The following points describe a story's lifetime, while also giving instructions on how to manage each step.

  1. Creation: the story is created by someone. Often the person is Erik or Stuart from the ITA.

  2. Start: to start the story, give it an estimate and click "Start".

  3. Location of code: do your work on a topic branch. Be mindful to update our documentation on developerportal by opening a PR if necessary.

  4. When you feel your work is ready for review, open a PR against master assign it to a dev for review. If you want the work onto staging for feedback before it is complete, ask a dev capable of deploying to staging (James or Calum at time or writing) to do so.

  5. If you don't have further code changes to make, mark the story as "Finished". Please organize your commits at this point by squashing together etc.

  6. When the work has been deployed to staging and you don't plan on making further changes, mark the story as "Delivered" On the story, ask the requester to review the work, giving any details they'll need (URL, example search queries, etc.). Ask the requester to "Accept" the story once they're happy with the work.

  7. Once the requester is happy with the work, add the "requester review done" label to the PR. While this has been going on, you may find that the code reviewer has given the PR the "needs code changes" label and has marked the story "Started". If so, act on their feedback, making the necessary changes.

  8. At this point, if the PR hasn't been given the "code review done" label, badger the reviewer until they've reviewed the code. If both "done" labels have been given, the reviewer will merge the PR to master, causing it to be included in the next release to production.

Deploying to Staging

As much as possible, we'll use the "staging" branch to deploy to staging.

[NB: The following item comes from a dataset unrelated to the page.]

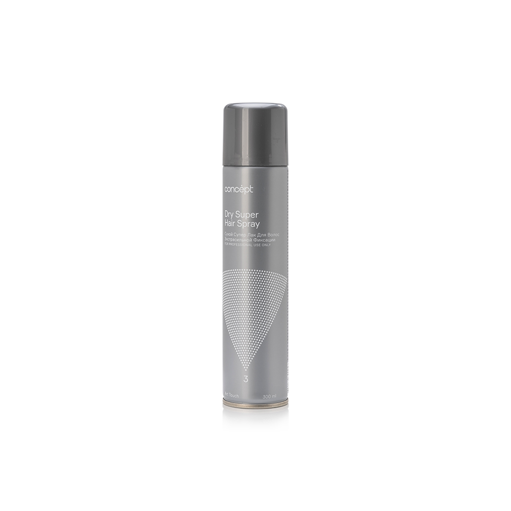Лаборатория бренда Concept подготовила особенный продукт для салонного и домашнего применения. Сухой лак для финишного этапа формирования прически позволяет зафиксировать результат работы мастера максимально аккуратно и на долгий срок. Dry Super Hair Spray без фреона. Использование инновационного фиксатора, которое легко вычесывается, позволяет изменять форму укладки без необходимости в мытье головы.

In most cases, what's on staging will be one or more open PRs. The branch for each PR will have been merged to the staging branch, and the PR will have been given the label "on staging".

If you'd like to deploy something to staging and there are already several PRs deployed, just check out the staging branch and merge what you'd like to deploy. If the PRs which are already there need rebasing, you may have to rebase everything, reset the staging branch to master then re-merge all branches that need to be staged.

Code Review

When reviewing code, in addition to making sure the changes fulfil the request of the story, please check:

  • That specs pass.
  • Test coverage: should always be kept at 100%.
  • Code Climate score: it should never decrease, unless there's a good reason.
  • That the source has been formatted by rubocop -a.

After reviewing the code, please give the PR either a "code review done" or "needs code changes" label. If the PR needs changes, mark the story as "Started" in PT.

Deploying to Production

Our policy is: if it's on master, it's good to go to production.

The release engineer (James at time of writing) will sync the govwizely and ITA repos and deploy weekly on Thursdays and on special request.